June 29, 2020
SmithGroup’s Sacramento Office for a Construction Pro Showcases the Client’s Expertise
While adapting two buildings as one new Sacramento workplace for DPR Construction, the architects created a showcase of the builder’s best practices.
In the Sacramento, California, office that SmithGroup designed for a global construction company, some of the most innovative features are those that you might not necessarily see.
Subtle design choices enhance rather than diminish their impact, according to the client, DPR Construction. “Occupant comfort, materials transparency, employee health—with clients demanding those benefits from their own buildings, we wanted ours to reflect them,” says DPR project manager Marshall Andrews.
Cladding the final structure in a uniform brick skin, SmithGroup combined two lowslung, unassuming buildings into one without really changing their individual foot-prints. The firm then built a cross-laminated timber (CLT) addition on top, creating a terrace and glazing on the elevations that sandwich a largely open-plan office space.
To the untrained eye, SmithGroup’s intervention seems minor. But that light touch represents the sum of industry intelligence that the builder and architects have collected since first collaborating on a Phoenix headquarters nine years ago. “They wanted to achieve a net-positive energy building then,” recalls SmithGroup principal Drew Padilla.
Thanks to that experience, the firm understood how to deliver a design that lets the best buildable practices and solutions take the lead. The 28,833-square-foot Sacramento office is on track to earn LEED Platinum and WELL Building certifications as well as the International Living Future Institute’s Zero Energy certification.
USING WHAT’S THERE One obvious way to reduce the project’s embodied carbon was to stick with its existing shells rather than building something new. The pair of 1950s-era structures had previously been used as vehicle testing sites. Aside from the new brick-and-aluminum facade, the chief intervention was the addition: Built with an innovative framework of CLT instead of steel, it’s the first such load-bearing timber structure Sacramento has ever seen.
The 5,600-square-foot new construction on top of one building contains a reception area, a kitchen, and flexible meeting and workspaces for 48. Throughout, CLT constitutes support columns, ceiling beams, walls, flooring, stairs, and a shear wall. Only the column footings are concrete piles. “The challenge was that local inspectors didn’t know what they were looking at,” Padilla says. But since CLT is inherently fire resistant and has its own thermal rating, authorities approved it in this application.
In the second building, the team adapted its 3,000-square-foot basement for use as a geothermal heat sink. Drawn through a maze of underground walls, air is precooled or preheated through heat exchange with the earth and conditioned before it is forced into the space upstairs. DPR’s Andrews had three engineers separately validate the concept. “There was just no better way to use the basement, since you can’t occupy it,” says SmithGroup designer Andrea Gulyas.

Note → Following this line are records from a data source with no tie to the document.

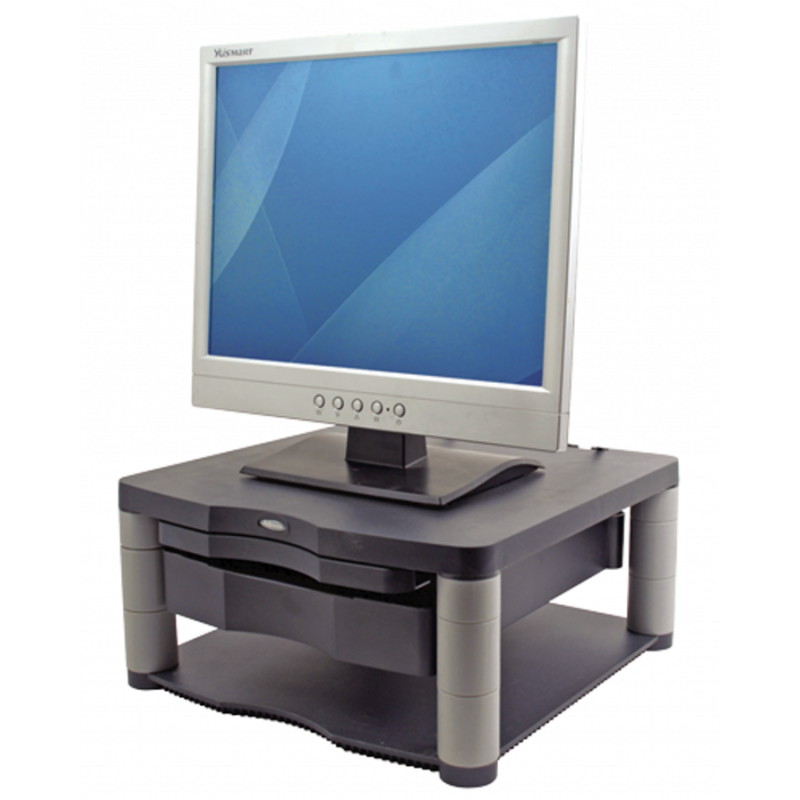 Optimiza tu espacio de trabajo con el soporte de mesa para monitor LCD Fellowes Premium Plus. Este soporte eleva tu monitor a una altura de visión cómoda, reduciendo la tensión en el cuello y los ojos, y promoviendo una postura ergonómica.
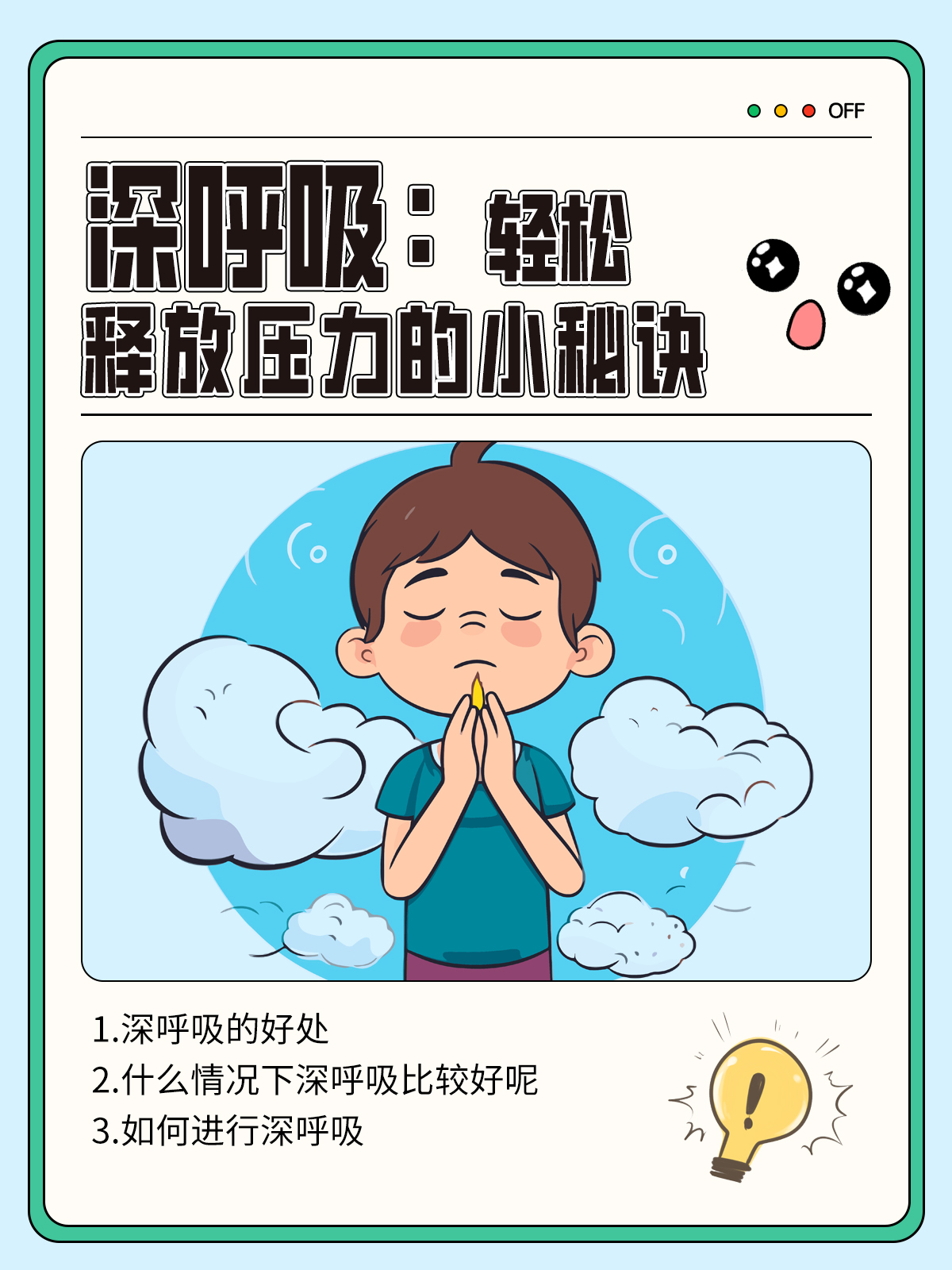2、遇到困難時(shí)深呼吸:在面對(duì)困難時(shí),深呼吸有助于你保持冷靜,思考解決問題的方法。
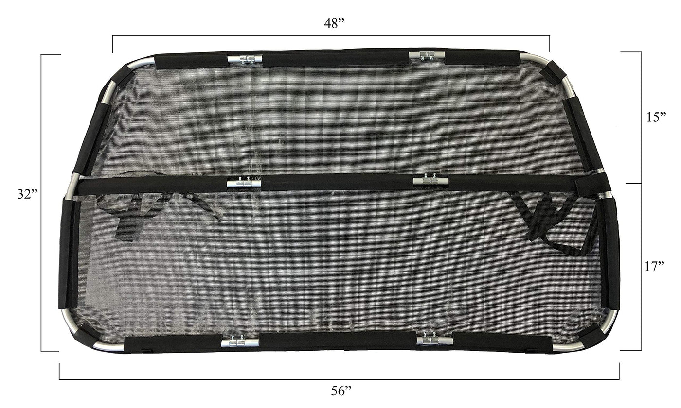 Keep your furry friend safe and secure while on the road with this Bushwhacker Dog Barrier. Designed specifically for SUVs, cars, and trucks, it serves as a pet fence and divider to keep your dog from jumping into the front seat or cargo area. Made with high-quality materials, this car barrier is durable and can withstand the wear and tear of regular use. With an easy installation process, it can be set up in no time. Suitable for dogs of all sizes, it provides a comfortable and secure space for your pet while traveling. Whether you're going on a long road trip or just running errands around town, this dog barrier is the perfect solution for keeping your furry friend safe and happy on the go. Dimensions: 56' x 32' Refer to second image for complete dimensions.

LEAVING ROOM FOR CHANGE The most unusual step was deliberately programming empty space: SmithGroup analyzed how DPR uses its offices and found that although desks are allotted a big chunk of the square footage, staff occupy them only 30 percent of the time. “Instead we’re on job sites, conducting interviews, or all gathered in a single meeting room. That was an eye opener,” says Andrews. With that in mind, the architects conceived a flexible event-friendly space with mobile workstations, two-thirds of which are unassigned—making it easy to convert the second and ground floors if DPR decides to loan or lease the building. “This is the first time an agenda like that had driven the program,” says Gulyas of these futureproofing efforts.
FINDING LOW-EFFORT ALTERNATIVES Because the architects were working with such a data-driven client, even popular concepts such as plant walls were closely scrutinized. SmithGroup found that lush feature walls can cost upwards of $50,000 annually to maintain. Instead the team installed a zero-maintenance seed wall with help from landscape company Miridae, artist Micah Crandall-Bear, and fabricator Marc Foster. As DPR harvests the seeds for reforestation, new ones replace them, and the process is repeated. Plants have been added in specially designed planters around structural columns, which Gulyas says are a low-water and low-maintenance alternative to green walls.
There were other ways to add greenery: The outdoor terrace visually connects people in the office to life on the sidewalk below. Beyond an extra gathering space, it provides the staff with a pleasant view of the block’s ample tree canopies, an apt perk in the so-called City of Trees, where they cover nearly a quarter of the urban landscape.